I have a data frame that is z-score converted. I want to delete from the data frame (and convert to NA) only those values that are higher or equal to 4, without dropping any row or column. I would appreciate an answer.
Best
You can use the following code:
df <- data.frame(v1 = c(1,3,6,7,3),
v2 = c(2,1,4,6,7),
v3 = c(1,2,3,4,5))
df
#> v1 v2 v3
#> 1 1 2 1
#> 2 3 1 2
#> 3 6 4 3
#> 4 7 6 4
#> 5 3 7 5
is.na(df) <- df >= 4
df
#> v1 v2 v3
#> 1 1 2 1
#> 2 3 1 2
#> 3 NA NA 3
#> 4 NA NA NA
#> 5 3 NA NA
Created on 2022-07-10 by the reprex package (v2.0.1)
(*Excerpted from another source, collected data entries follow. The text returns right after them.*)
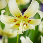 Plant 8–10 cm deep and about 10 cm apart in humus-rich, well-drained soil. Erythronium prefers partial shade and thrives under deciduous trees or in woodland-style plantings. Keep soil evenly moist, especially in spring. Let foliage die back naturally after bloom. Excellent for naturalizing and pairs well with other early spring bloomers like anemones and hepaticas. Avoid disturbing the bulbs once planted.
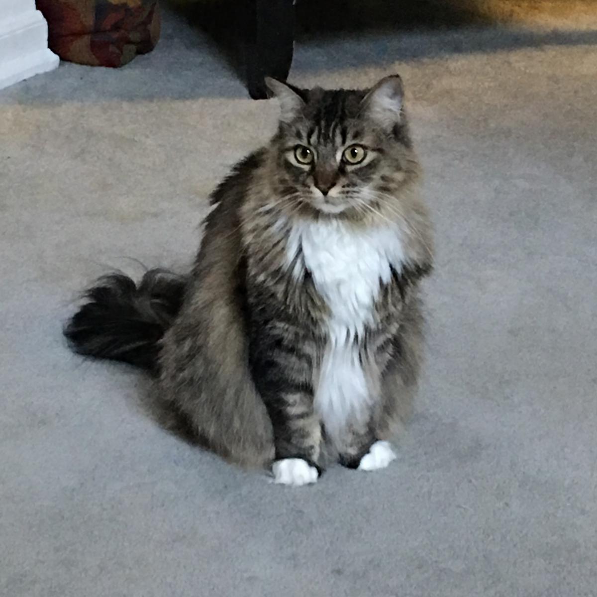 Pet Description:Missing Maine Coon, female cat named “Mia”. Tabby-brown colored with white paws and white on the back of the right rear leg. Approximately 10 pounds, 5-years old, microchipped with Home Again. Lives in the Kara Way/Smith Avenue area. Last seen Monday (June 4, 2018) evening. Friendly, shots are up up-to-date. |
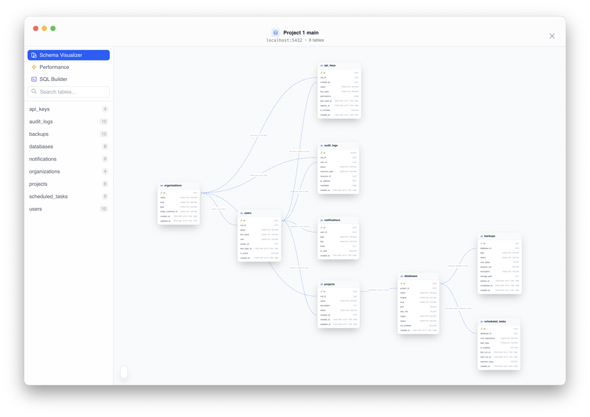 Le schema visualizer en mode ERD interactif, pratique pour décortiquer une base héritée
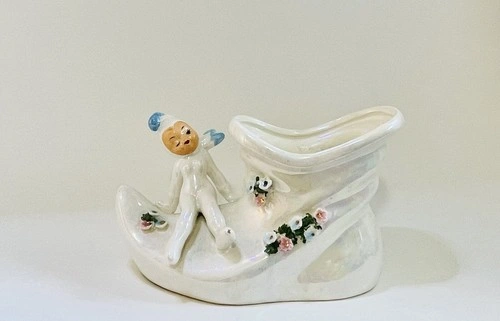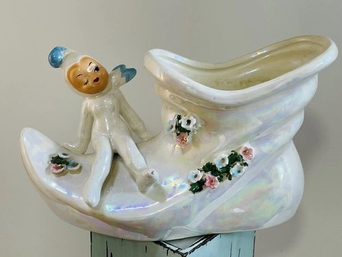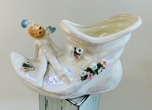 Delightful Vintage hand painted Elf Planter Pixie On A Slipper Vase - mid century delight! Charming and in great condition. No chips or cracks. Please see photos to be certain you are satisfied with condition. Thank you.
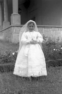 Neskatila erretratua Labegaraietako elizaren aurrean |
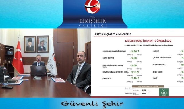 Eskişehir Ekim Ayı Güvenlik Bilgilendirme Toplantısı'nda konuşan Vali Hüseyin Aksoy, "Kişilere karşı işlenen 10 önemli suçta bir önceki yıla göre yüzde 10,1'lik, mal varlığına karşı işlenen 9 önemli suçta ise yüzde 21,4'lük bir azalış gerçekleşmiştir" dedi.
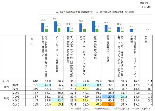 続いて年代別では、要素ごとに傾向が異なった。年代で差が見受けられるのは、「ストーリー性(テーマや世界観)」、「パフォーマーやスタッフのクオリティ」、「音楽や効果音の演出」、「周りの観客との一体感」、「テクノロジーを活用した演出(VR/AR、プロジェクションマッピング)」となった。これらの中でも特に差が大きい「周りの観客との一体感」は、30代の約29%が一番低く、50代の約53%が一番高かった。
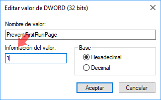 Editaremos este valor dando doble clic o clic derecho / Modificar y en el campo Información del valor establecemos el número uno (1). Pulsamos en Aceptar y podremos cerrar el editor de registros.
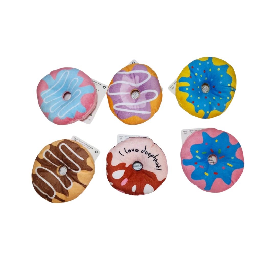 Brinquedo em pelúcia desenvolvido para proporcionar entretenimento e estímulo aos pets durante as brincadeiras do dia a dia. Com formato divertido de rosquinha e aproximadamente 10 cm de diâmetro, é leve, macio e ideal para cães de pequeno porte.
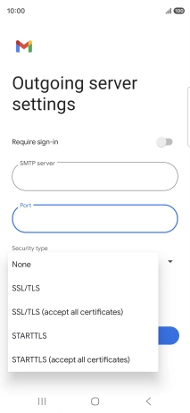 11. Enter outgoing server

you can simply use df[df>=4] <- NA
to achieve what you want.
df <- data.frame(replicate(10,sample(0:10,10,rep=TRUE)))
> df
X1 X2 X3 X4 X5 X6 X7 X8 X9 X10
1 2 3 4 5 6 4 3 1 10 6
2 5 7 0 4 3 10 10 3 6 10
3 5 5 0 3 1 3 5 7 2 7
4 7 0 4 1 10 0 5 2 5 0
5 8 8 7 8 4 6 6 10 10 0
6 1 4 1 3 3 8 8 0 4 8
7 6 3 3 6 7 4 10 9 7 2
8 2 1 4 0 7 8 10 1 6 3
9 0 9 6 2 9 6 2 9 0 3
10 8 2 1 0 1 4 0 6 2 8
df[df>=4] <- NA
> df
X1 X2 X3 X4 X5 X6 X7 X8 X9 X10
1 2 3 NA NA NA NA 3 1 NA NA
2 NA NA 0 NA 3 NA NA 3 NA NA
3 NA NA 0 3 1 3 NA NA 2 NA
4 NA 0 NA 1 NA 0 NA 2 NA 0
5 NA NA NA NA NA NA NA NA NA 0
6 1 NA 1 3 3 NA NA 0 NA NA
7 NA 3 3 NA NA NA NA NA NA 2
8 2 1 NA 0 NA NA NA 1 NA 3
9 0 NA NA 2 NA NA 2 NA 0 3
10 NA 2 1 0 1 NA 0 NA 2 NA
Here is one more. Using replace_with_na_all()
from naniar
package:
replace_with_na_all()
when you want to replace ALL values that meet a condition across an entire dataset. The syntax here is a little different, and follows the rules for rlang’s expression of simple functions. This means that the function starts with ~
, and when referencing a variable, you use .x
.
https://cran.r-project.org/web/packages/naniar/vignettes/replace-with-na.htmllibrary(naniar)
library(dplyr)
df %>%
replace_with_na_all(condition = ~.x > 4)
v1 v2 v3
<dbl> <dbl> <dbl>
1 1 2 1
2 3 1 2
3 NA 4 3
4 NA NA 4
5 3 NA NA
Though the solution by @Quinten is very concise, just add an approach in tidyverse
library(dplyr)
set.seed(123)
df <- data.frame(
x = sample(1:10, 7),
y = sample(1:10, 7)
)
df %>%
mutate(
across(.fns = ~ if_else(.x >= 4, NA_integer_, .x))
)
#> x y
#> 1 3 NA
#> 2 NA NA
#> 3 2 1
#> 4 NA 2
#> 5 NA 3
#> 6 NA NA
#> 7 1 NA
Created on 2022-07-10 by the reprex package (v2.0.1)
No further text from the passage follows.